In 2006 and 2019, the United States Preventative Task Force (USPSTF) released breast cancer screening guidelines recommending screening mammograms beginning at age 50 every 2 years. This was a significant departure from guidelines of multiple leading organizations including the American Medical Association, the National Comprehensive Cancer Network and the American College of Radiology/Society of Breast Imaging who continue to recommend breast cancer screening every year beginning at age 40.

The USPSTF justified their recommendations that the “harms” of screening (discomfort from the exam, anxiety from an abnormal result, or chance of a false positive exam necessitating additional testing), biopsy, and chance of over-diagnosing (detecting a non-life threatening cancer) outweigh the benefit of saving lives. What the USPSTF didn’t consider is when a breast cancer is detected in its early stages, patients have more options to choose less invasive treatments such as less extensive surgery and less incapacitating chemotherapy. The USPSTF also does not acknowledge the grief, financial burden, or morbidity of late stage cancer diagnosis.
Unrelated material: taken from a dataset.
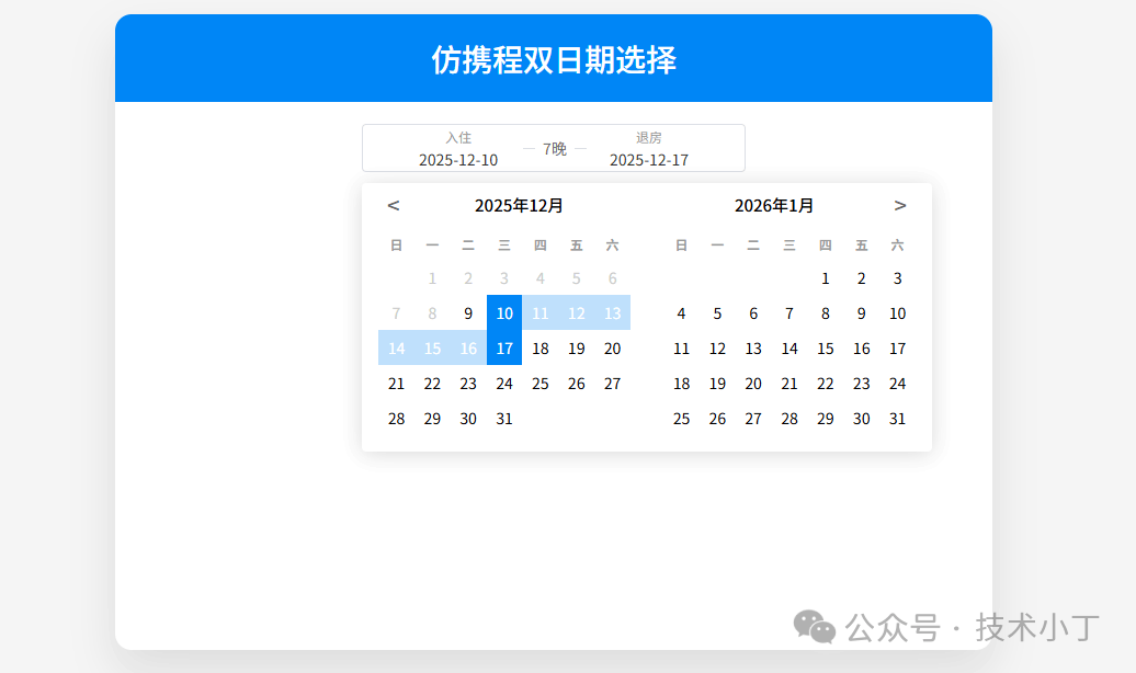 table td:hover:not(.disabled):not(.old):not(.new) { background: #4daaf8; color: #fff; } </style></head><body><div class="container"> <div class="header"> <h1>仿携程双日期选择</h1> </div> <div class="main"> <div class="date-bar" id="dateBar"> <div class="item"> <div class="label">入住</div> <div class="val" id="checkInStr">请选择日期</div> </div> <div class="val" id="nightCount">0晚</div> <div class="item"> <div class="label">退房</div> <div class="val" id="checkOutStr">请选择日期</div> </div> </div> <div class="modal-wrap" id="calendarWrap"> <div class="modal-bd" id="calendarBox"></div> </div> </div></div>

“They wouldn’t pay for my screening mammogram,” Cariann continues, “but look at how much all this treatment is costing now.”
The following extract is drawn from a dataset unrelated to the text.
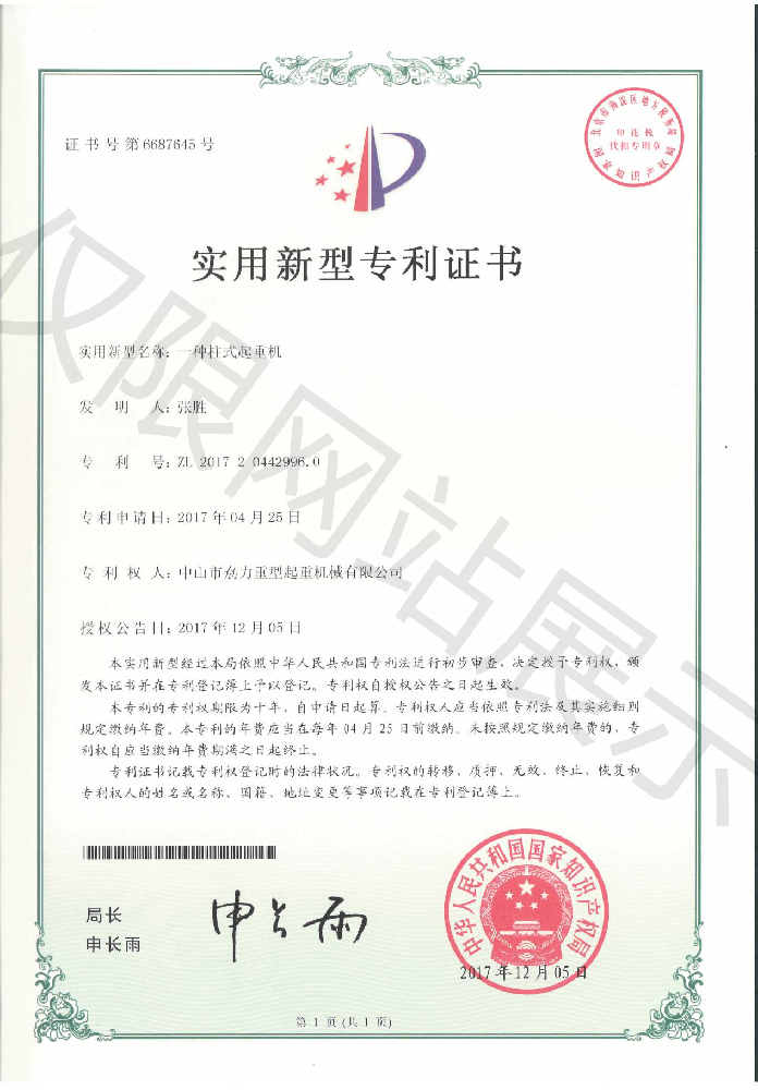 實(shí)用新型專利證書(shū) -- 柱式起重機(jī)

And she’s right. The average cost of a screening mammogram in $100. The average cost of treating stage IV breast cancer, or cancer that has spread to distant organs of the body, is $182,655 two years after diagnosis. This is in stark contrast to treating an early diagnosis of cancer at a cost of $71,909 - $97,066.
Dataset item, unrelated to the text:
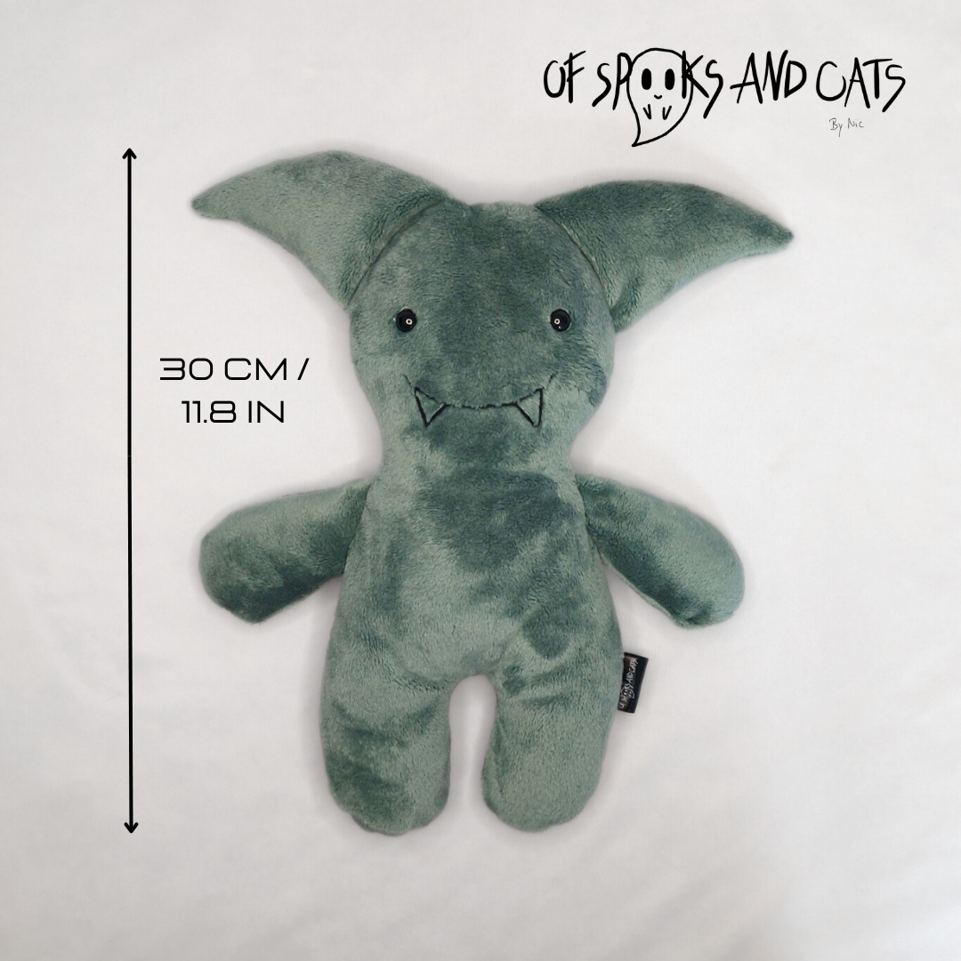 Jorn ist 30cm groß und aus einem super weichen grünen Plüschstoff.

Many breast cancer organizations have supported placing a delay called the PALS (Protecting Access to Lifesaving Screenings) Act to prevent the USPSTF breast cancer screening guideline change. This postponement has been renewed before but is now set to expire again in 2020. If the USPSTF recommendations are used for purposes of insurance coverage mandates, insurance plans will no longer be required to cover annual mammography placing thousands of women at risk of breast cancer death.

When you meet someone who is suffering because she was told she could only have a mammogram when it was too late, everyone will agree: if a woman is thoroughly educated about the negative effects of screening and still decides to have the mammogram, she should be able to make that decision without a financial burden.

“What right do these people have to say when you can do something and when you can’t do something. This is your body,” says Cariann. “You need to have it done at 40. Period. I mean you never know, it could have prevented all of this.”

Cariann never had the chance to see Jamie get married. She died on June 23, just three months before the ceremony. And although Cariann didn’t get to choose to have a mammogram even when she knew something was wrong with her body, hopefully her story and others like it will continue to allow other women to be given that life-saving opportunity.